Dr. Rachel Miceli from New York University (NYU) Langone Health presented the study, which showed that one feature from this method, time to enhancement (TTE), can be a predictive marker separating DCIS from invasive cancer.
"This showed some promising early data from a retrospective study, that TTE can help predict DCIS lesions that would be upgraded," Miceli said.
While DCIS has an upgrade rate of 0% to 59%, several risk factors have been identified in upstaging DCIS to invasive breast cancer. These include high-grade biopsy pathology, large lesion size, and suspicious imaging features. Sentinel lymph node biopsy, meanwhile, isn't typically indicated, Miceli noted.
However, TTE, which represents the amount of time from aortic enhancement to lesion enhancement, has been linked with aggressive lesion features. A shorter TTE usually means invasive cancer.
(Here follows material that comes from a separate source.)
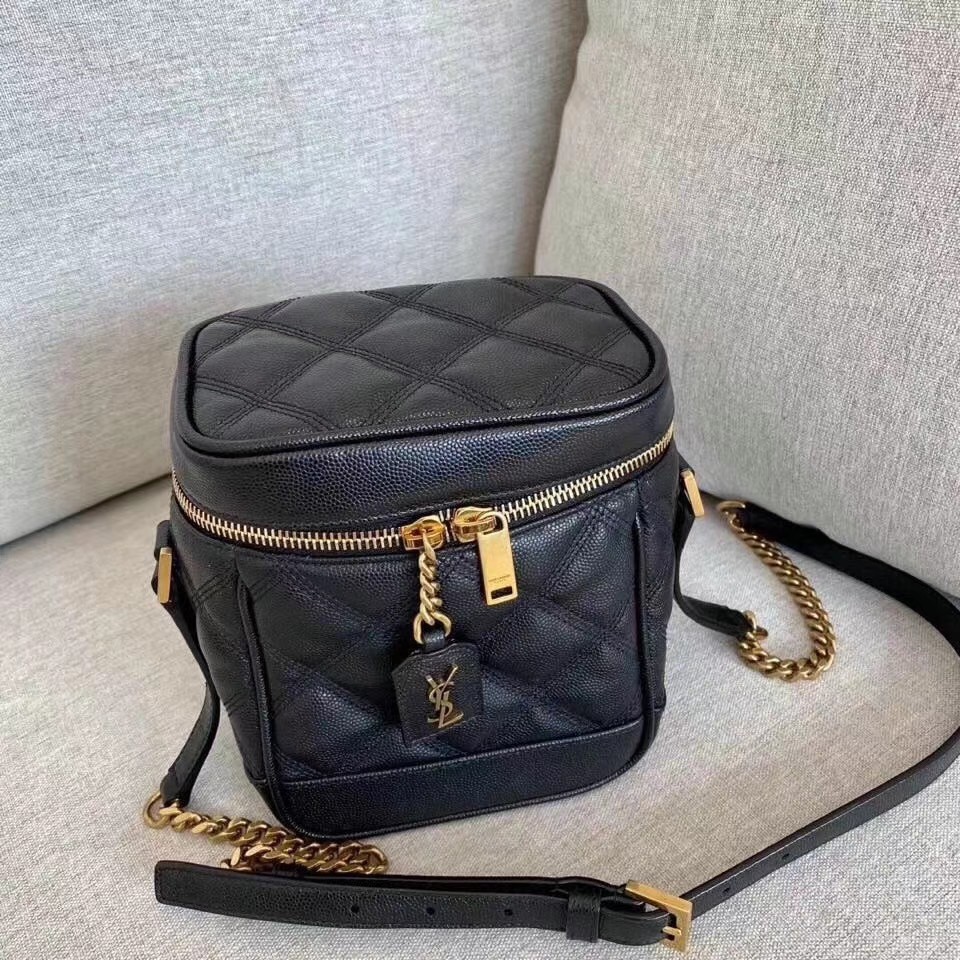– Adjustable leather and chain shoulder strap with 45.5 cm drop
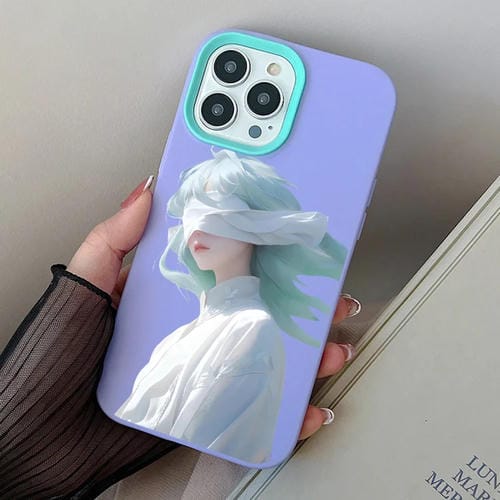 Funda híbrida para iPhone 12 Pro Max Blindfold Girl PC y TPU (Púrpura)

Miceli and colleagues wanted to find out whether ultrafast MRI kinetic features are linked to biopsy-proven DCIS upgrade after surgical excision. They looked at data from 68 women with a median age of 52 years who had biopsy-proven DCIS and who went through preoperative conventional dynamic contrast-enhanced (DCE)-MRI with ultrafast. They also looked at patient characteristics, biopsy parameters and biopsy pathologies, DCE-MRI lesion characteristics, and ultrafast MRI features.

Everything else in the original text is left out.